• _Available data_

□ □ □

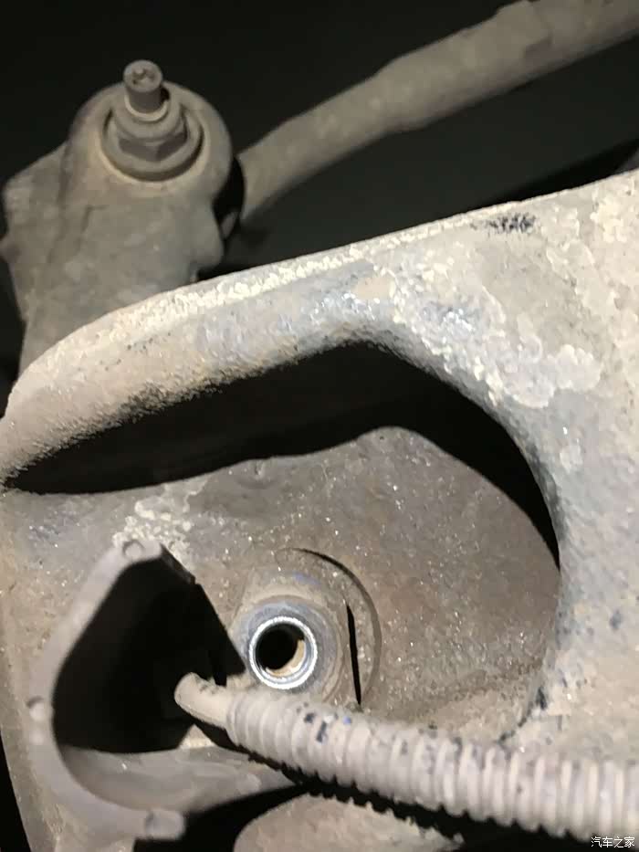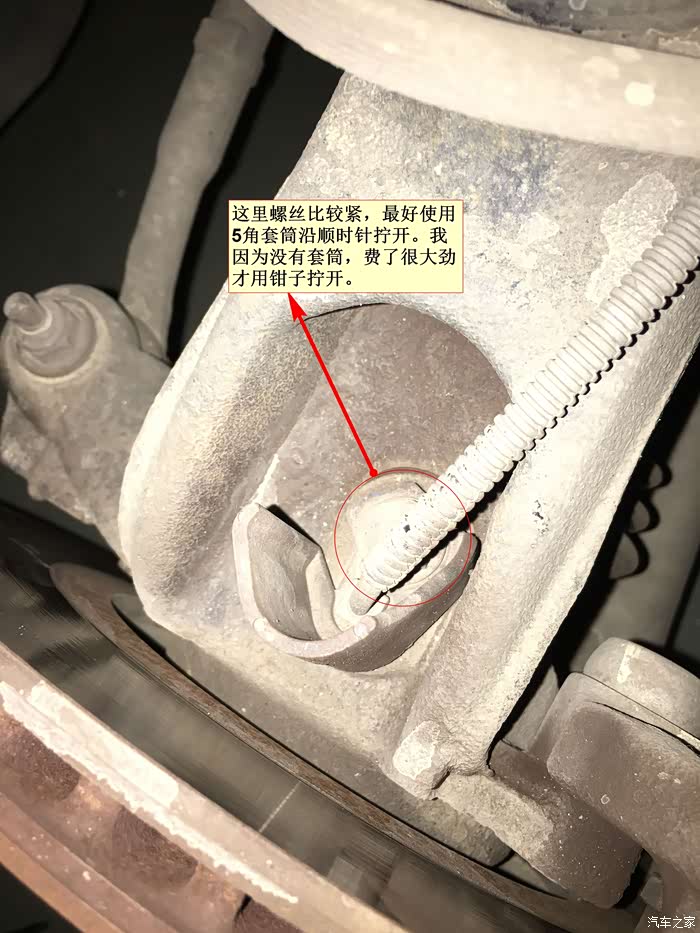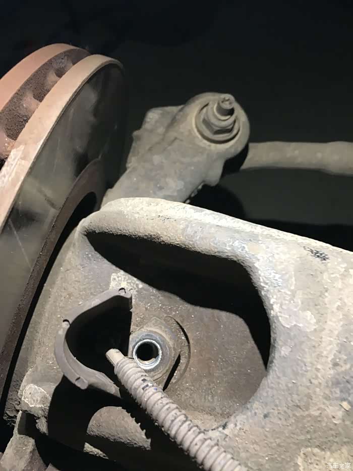 这里就是刹车盘旁边的ABS传感器接口了。螺丝比较紧,最好有直的5角套筒拧开,扳手是无法伸进去的。我用了钳子费了较大力气才拆开。
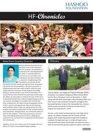 The document provides an update on Hashoo Foundation's (HF) accomplishments in 2016. A restructuring of HF's core office and subsidiaries was completed, strengthening the organization. Several new team members were welcomed. Seven major projects were successfully implemented and two projects concluded in Gilgit Baltistan, Chitral, and peri-urban Islamabad. The results achieved enhanced lives of underprivileged people. An obituary notes the passing of the Regional Program Manager of HF's Chitral office in a plane crash. Going forward, HF will continue growing partnerships and adapting systems to further progress.
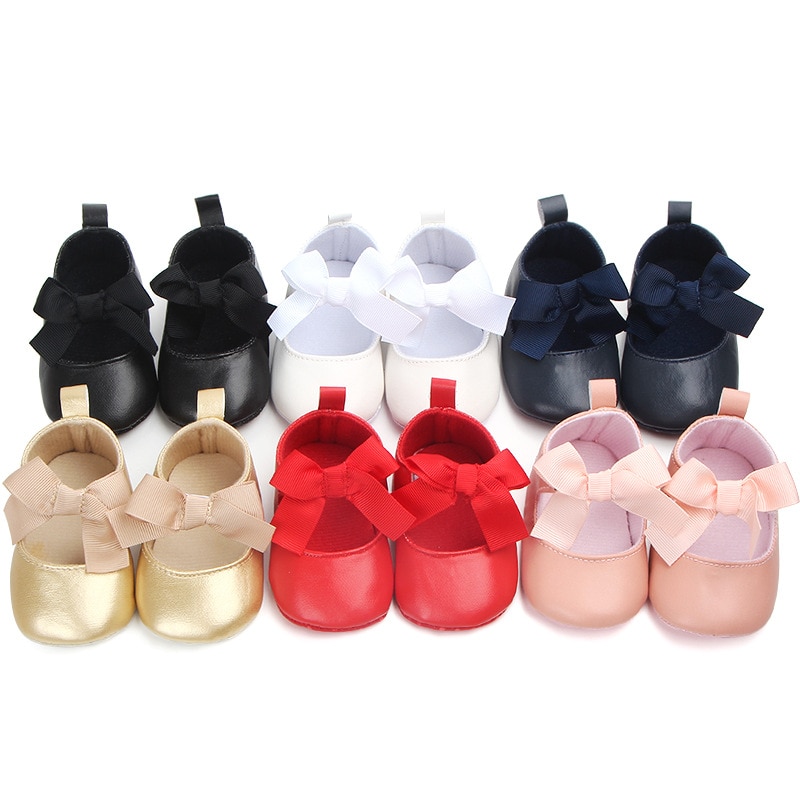 Туфли для маленьких девочек принцессы на мягкой нескользящей подошве однотонные с бантом-бабочкой для маленьких девочек новорожденных пинетки модная обувь
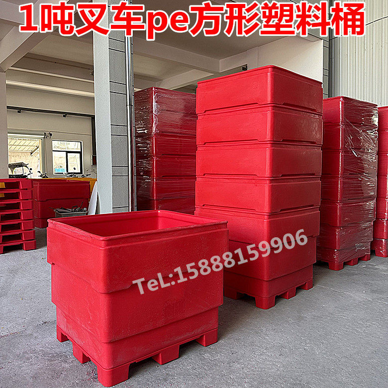 1吨废料箱塑料托盘叉车物流周转箱1吨食品级塑料方形箱带盖物流箱由
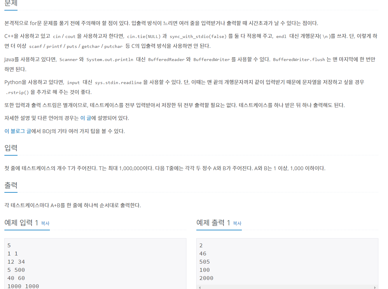 브론즈 2 문제. 빠른 A+B 15552번: 빠른 A+B (acmicpc.net)
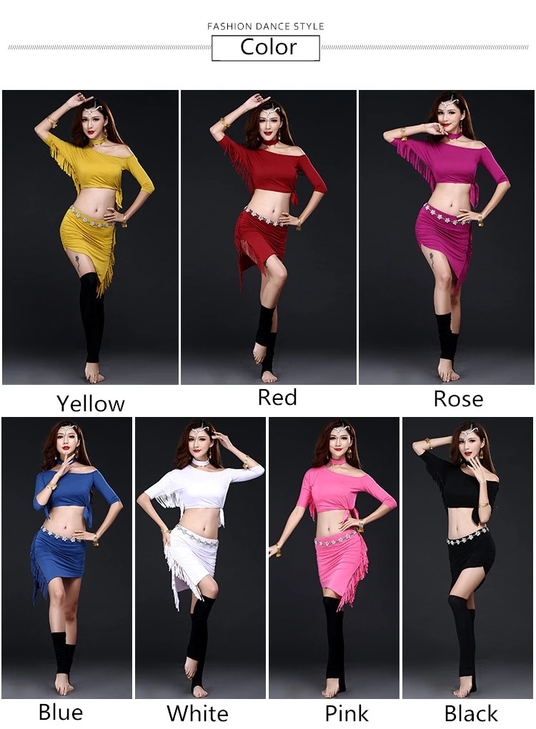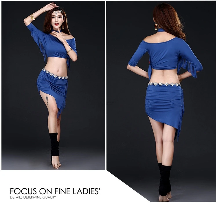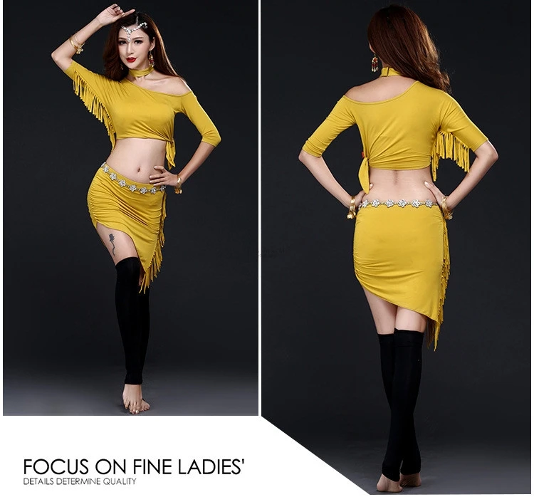 Костюм для танца живота, новый женский тренировочный костюм, топ + юбка, 2 предмета, сексуальное платье с коротким рукавом для танца живота, комплект одежды для выступлений, Новинка
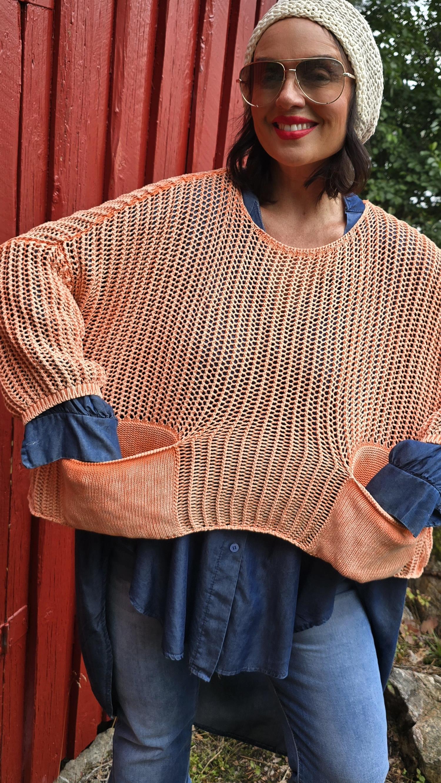 Råkul kortare genser med lommer i front. Den har vasket effekt. Vid modell.Den har rund hals och långa armar. Kanonfin med singlet eller skjorta under.
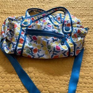 Kipling Large Citrus PrintWeekender Duffle Bag Tote Travel Garilla Face Keychain
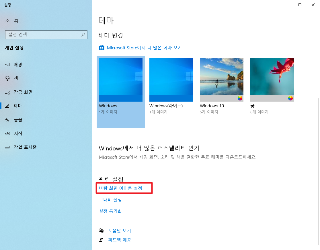 그럼 테마 메뉴가 나타날 것입니다. 여기에서 하단에 [바탕 화면 아이콘 설정]부분을 클릭해 주시길 바랍니다.
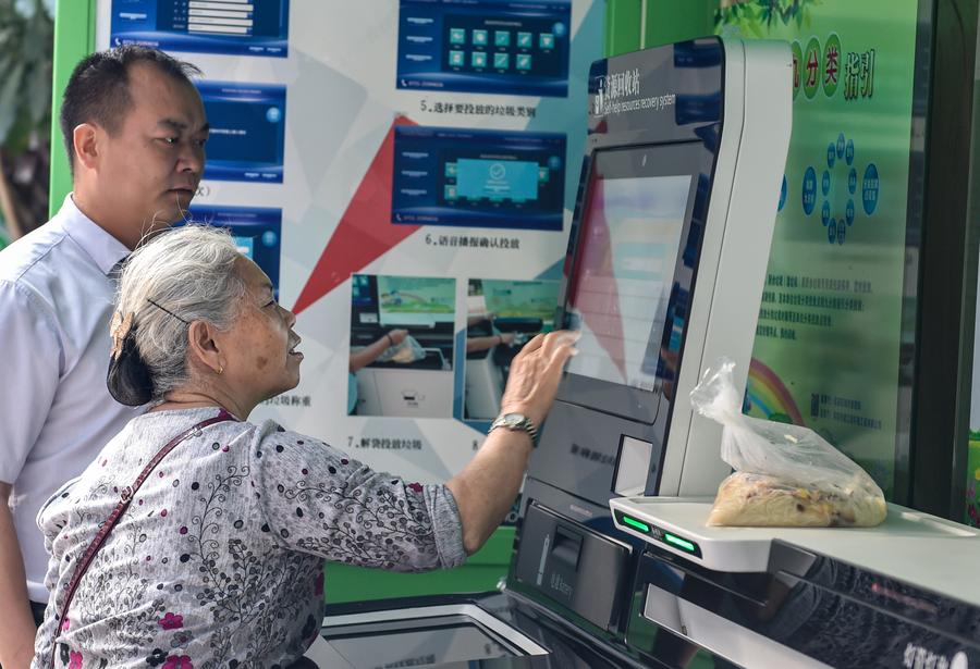 An aged woman weighs kitchen waste under the instruction of a staff worker at a community waste classification site in Yantian district of Shenzhen, South China's Guangdong province, April 28, 2017. [Photo/Xinhua]
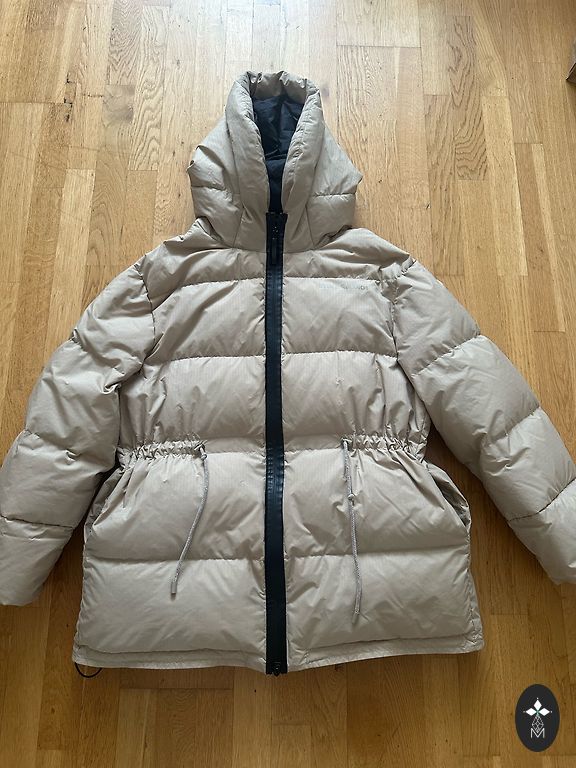 Labai būklės. Lengvas, šiltas. Ilgis 105 cm. Nuimamas gaubtas. Kišenės su paslėptais užtrauktukais. Šoninės siūlės atidaromos, kad būtų didesnė judėjimo laisvė.

□ □ □

• _Work request_
Set down every line of the entries above again, exactly as written, but not the pictures.

• _Solution to this problem_
 这里就是刹车盘旁边的ABS传感器接口了。螺丝比较紧,最好有直的5角套筒拧开,扳手是无法伸进去的。我用了钳子费了较大力气才拆开。
 The document provides an update on Hashoo Foundation's (HF) accomplishments in 2016. A restructuring of HF's core office and subsidiaries was completed, strengthening the organization. Several new team members were welcomed. Seven major projects were successfully implemented and two projects concluded in Gilgit Baltistan, Chitral, and peri-urban Islamabad. The results achieved enhanced lives of underprivileged people. An obituary notes the passing of the Regional Program Manager of HF's Chitral office in a plane crash. Going forward, HF will continue growing partnerships and adapting systems to further progress.
 Туфли для маленьких девочек принцессы на мягкой нескользящей подошве однотонные с бантом-бабочкой для маленьких девочек новорожденных пинетки модная обувь
 1吨废料箱塑料托盘叉车物流周转箱1吨食品级塑料方形箱带盖物流箱由
 브론즈 2 문제. 빠른 A+B 15552번: 빠른 A+B (acmicpc.net)
 Костюм для танца живота, новый женский тренировочный костюм, топ + юбка, 2 предмета, сексуальное платье с коротким рукавом для танца живота, комплект одежды для выступлений, Новинка
 Råkul kortare genser med lommer i front. Den har vasket effekt. Vid modell.Den har rund hals och långa armar. Kanonfin med singlet eller skjorta under.
 Kipling Large Citrus PrintWeekender Duffle Bag Tote Travel Garilla Face Keychain
 그럼 테마 메뉴가 나타날 것입니다. 여기에서 하단에 [바탕 화면 아이콘 설정]부분을 클릭해 주시길 바랍니다.
 An aged woman weighs kitchen waste under the instruction of a staff worker at a community waste classification site in Yantian district of Shenzhen, South China's Guangdong province, April 28, 2017. [Photo/Xinhua]
 Labai būklės. Lengvas, šiltas. Ilgis 105 cm. Nuimamas gaubtas. Kišenės su paslėptais užtrauktukais. Šoninės siūlės atidaromos, kad būtų didesnė judėjimo laisvė.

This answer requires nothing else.